Red Hot Chili Peppers singles chronology
| "Under the Bridge" (1992) | "Suck My Kiss" (1992) | "Breaking the Girl" (1992) |

Music video
- "Suck My Kiss" on YouTube

= Suck My Kiss =

Song by Red Hot Chili Peppers

"Suck My Kiss" is a song by American rock band Red Hot Chili Peppers. It was released as the third single from their fifth studio album, Blood Sugar Sex Magik. "Suck My Kiss" was released as an airplay single in the United States in 1991 and as a physical single in Australia and New Zealand the following year, reaching the top 10 in the two latter countries and peaking at number 15 on the US Billboard Modern Rock Tracks chart.

A music video, released on May 1, 1992, was made for the song using footage from the Funky Monks documentary directed by Gavin Bowden. It also featured shots in shades of red of the American army returning from the Gulf War, revealed by Anthony Kiedis on the audio commentary in the band Greatest Videos compilation. The song was included on the band's Greatest Hits compilation.

==Reception==
In 2021, Kerrang ranked the song number seven on their list of the 20 greatest Red Hot Chili Peppers songs, and in 2022, Rolling Stone ranked the song number 11 on their list of the 40 greatest Red Hot Chili Peppers songs.

==Track listing==
Australian CD and cassette single
1. "Suck My Kiss"
2. "Search and Destroy"
3. "Fela's Cock"

==Personnel==
Red Hot Chili Peppers
- Anthony Kiedis – vocals
- Flea – bass
- John Frusciante – guitar
- Chad Smith – drums

Additional musicians
- Brendan O'Brien – Hammond B3 organ

==Charts==

===Weekly charts===

| Chart (1992) | Peak position |
|---|---|
| Australia (ARIA) | 8 |
| New Zealand (Recorded Music NZ) | 3 |
| US Alternative Airplay (Billboard) | 15 |

===Year-end charts===

| Chart (1992) | Position |
|---|---|
| Australia (ARIA) | 60 |
| New Zealand (RIANZ) | 18 |

==Certifications==

| Region | Certification | Certified units/sales |
| United States (RIAA) | Gold | 500,000^{‡} |
^{‡} Sales+streaming figures based on certification alone.

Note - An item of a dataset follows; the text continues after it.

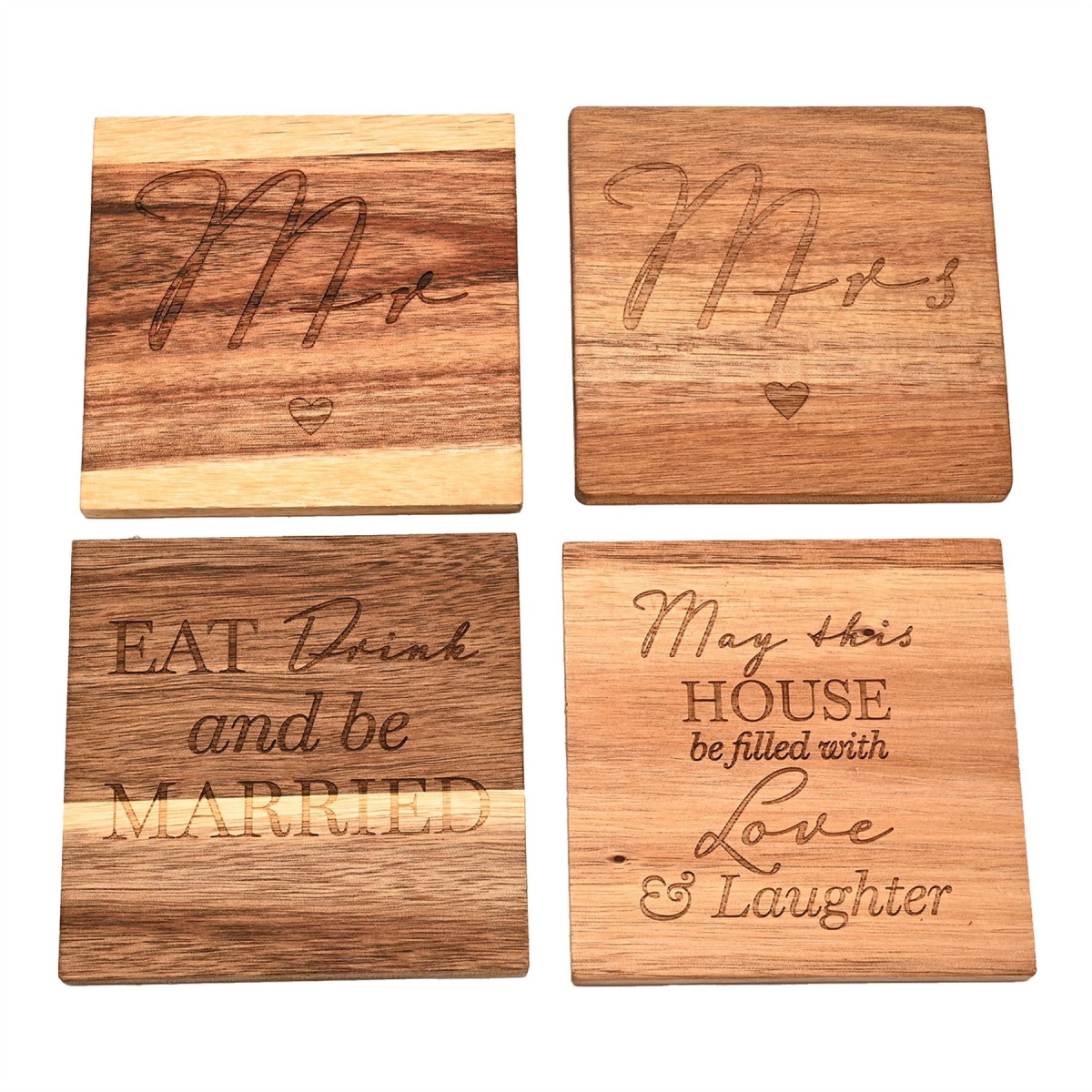 Celebrate their special day with a practical gift. Complete with four wooden coasters featuring an assortment of captions, this set is perfect for a newly wed couple moving into a new home. Details: - 4 x wooden coasters - 10x10cm each - Set tied with ribbon

==In media and popular culture==
The song was voted number five in a Rolling Stone readers' poll on Red Hot Chili Peppers songs.

The song appears in episodes of Beavis and Butt-head and Hindsight, as well as the video games Guitar Hero III: Legends of Rock and 2014 video game NBA 2K15 "Yakkem Trailer" and the latter's soundtrack album. Along with the rest of the Blood Sugar Sex Magik album, the song was formerly a downloadable track in the Rock Band series. A remixed instrumental based on the song is often used as royalty free production music.

A line was used in the Japanese TV show Tamori Club, in a segment called "Soramimi Hour", in which non-Japanese songs are interpreted into Japanese, according to phonetics. The line "Should have been, could have been, would have been..." from the first verse was interpreted as 白便　黒便　和田勉 (Shiro ben, kuro ben, Wada Ben'), which translates to: "White excrement, black excrement, Ben Wada").

The song was covered by Richard Cheese and Lounge Against the Machine on his 2000 album, Lounge Against the Machine.